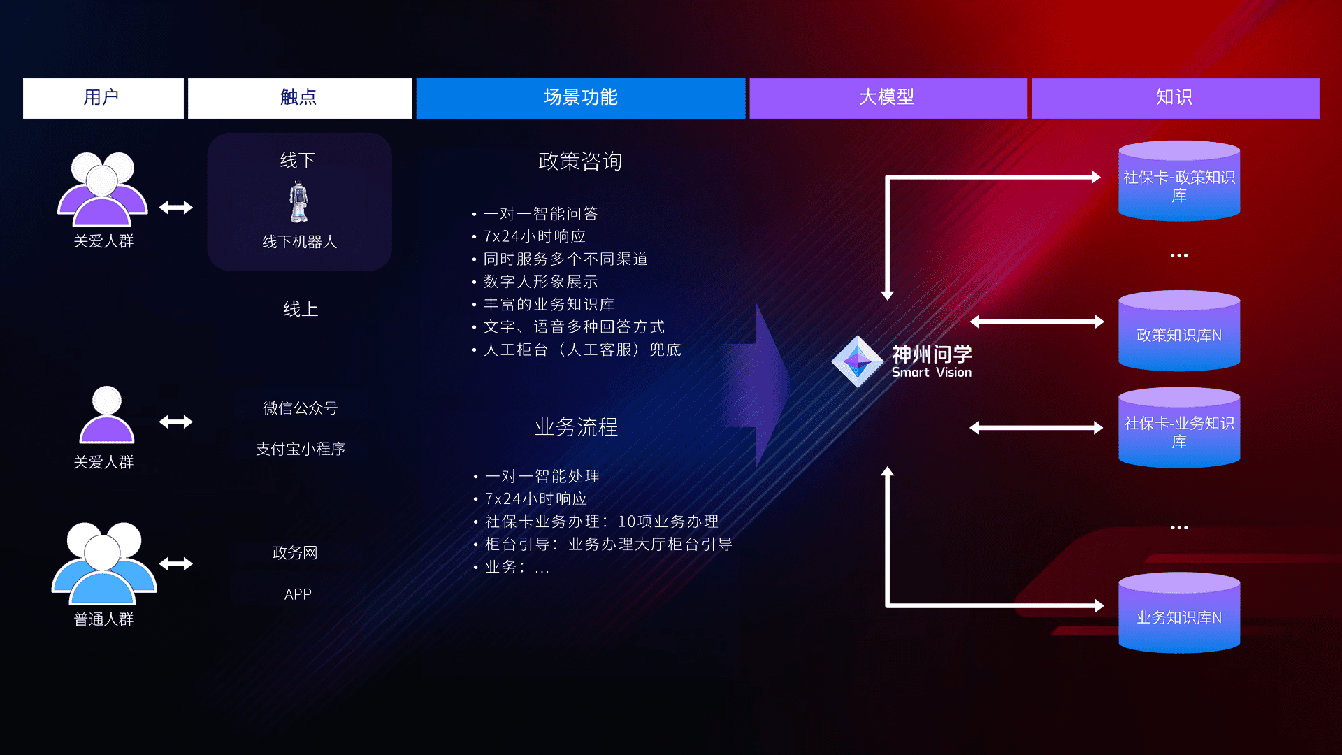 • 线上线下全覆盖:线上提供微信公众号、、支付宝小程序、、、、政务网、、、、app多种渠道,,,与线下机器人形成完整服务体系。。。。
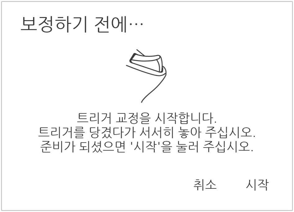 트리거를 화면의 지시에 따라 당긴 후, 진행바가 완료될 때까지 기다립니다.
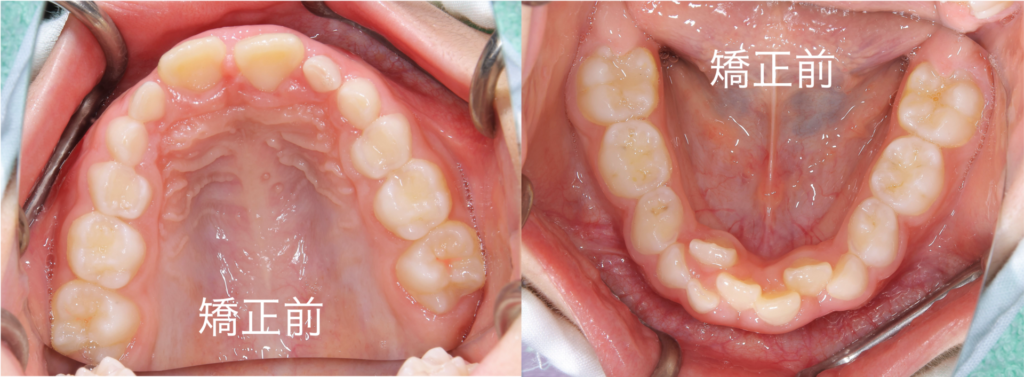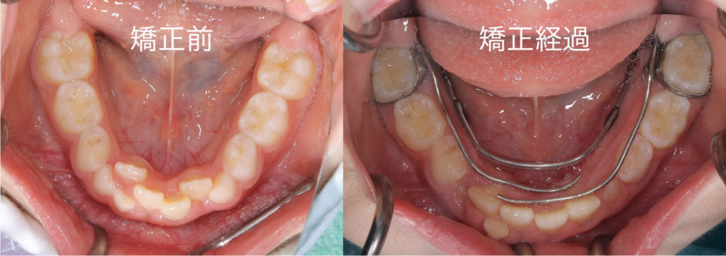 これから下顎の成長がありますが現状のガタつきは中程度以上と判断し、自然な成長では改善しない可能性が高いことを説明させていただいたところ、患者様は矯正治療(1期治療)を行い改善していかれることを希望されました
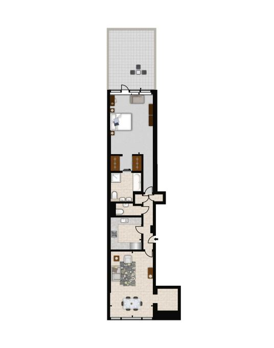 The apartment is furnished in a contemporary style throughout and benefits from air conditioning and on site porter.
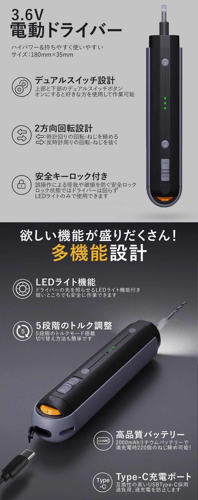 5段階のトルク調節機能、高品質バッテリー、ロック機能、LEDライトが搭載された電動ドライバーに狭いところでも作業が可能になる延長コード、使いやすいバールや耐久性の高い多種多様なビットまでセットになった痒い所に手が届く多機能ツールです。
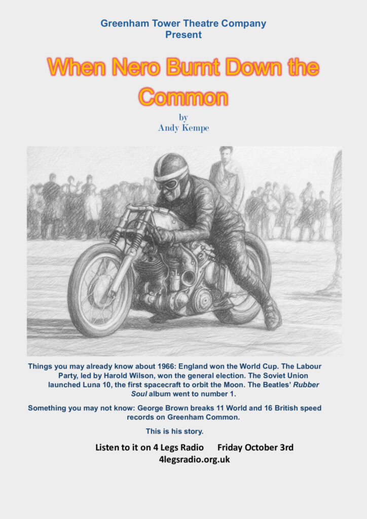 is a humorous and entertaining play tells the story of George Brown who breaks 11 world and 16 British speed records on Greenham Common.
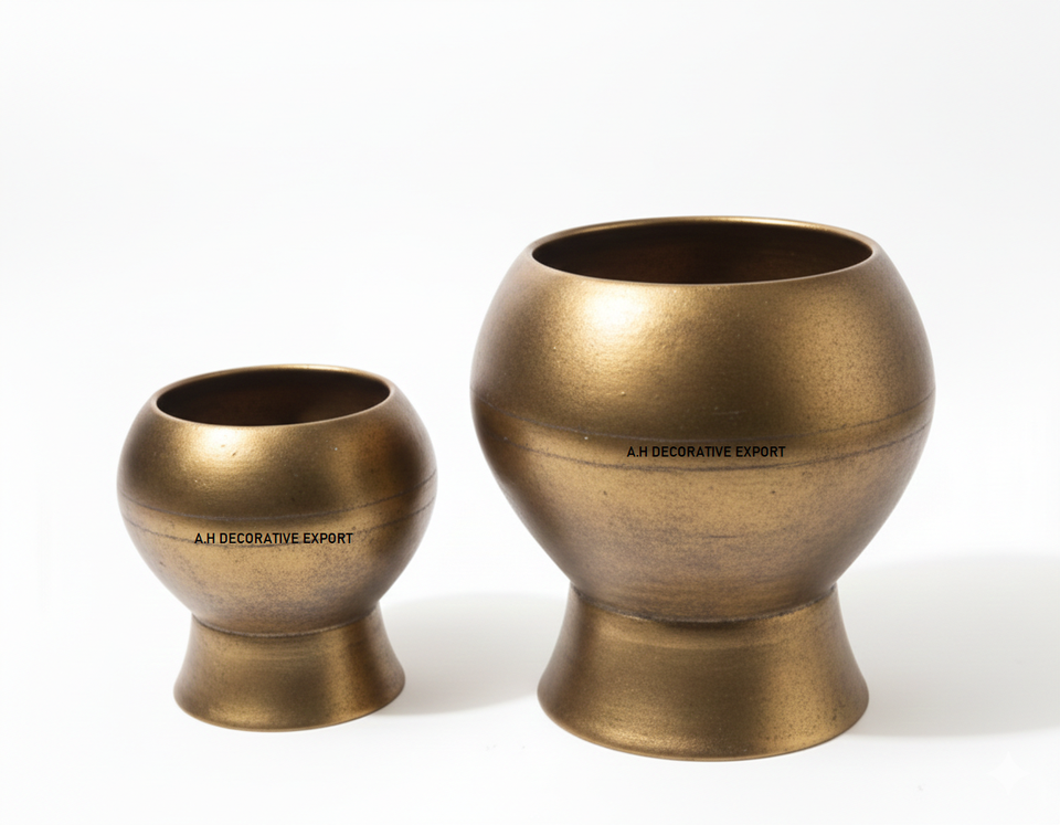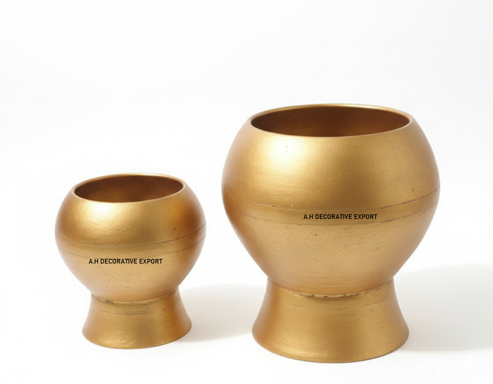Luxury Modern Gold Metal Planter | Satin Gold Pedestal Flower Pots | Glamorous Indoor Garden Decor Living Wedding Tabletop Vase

⁂

● **INSTRUCTIONS TO FOLLOW**: Could you retype every line above exactly as it appears, skipping the pictures?

● **ANSWER TO THIS PROBLEM**:
 • 线上线下全覆盖:线上提供微信公众号、、支付宝小程序、、、、政务网、、、、app多种渠道,,,与线下机器人形成完整服务体系。。。。
 트리거를 화면의 지시에 따라 당긴 후, 진행바가 완료될 때까지 기다립니다.
 これから下顎の成長がありますが現状のガタつきは中程度以上と判断し、自然な成長では改善しない可能性が高いことを説明させていただいたところ、患者様は矯正治療(1期治療)を行い改善していかれることを希望されました
 The apartment is furnished in a contemporary style throughout and benefits from air conditioning and on site porter.
 5段階のトルク調節機能、高品質バッテリー、ロック機能、LEDライトが搭載された電動ドライバーに狭いところでも作業が可能になる延長コード、使いやすいバールや耐久性の高い多種多様なビットまでセットになった痒い所に手が届く多機能ツールです。
 is a humorous and entertaining play tells the story of George Brown who breaks 11 world and 16 British speed records on Greenham Common.
Luxury Modern Gold Metal Planter | Satin Gold Pedestal Flower Pots | Glamorous Indoor Garden Decor Living Wedding Tabletop Vase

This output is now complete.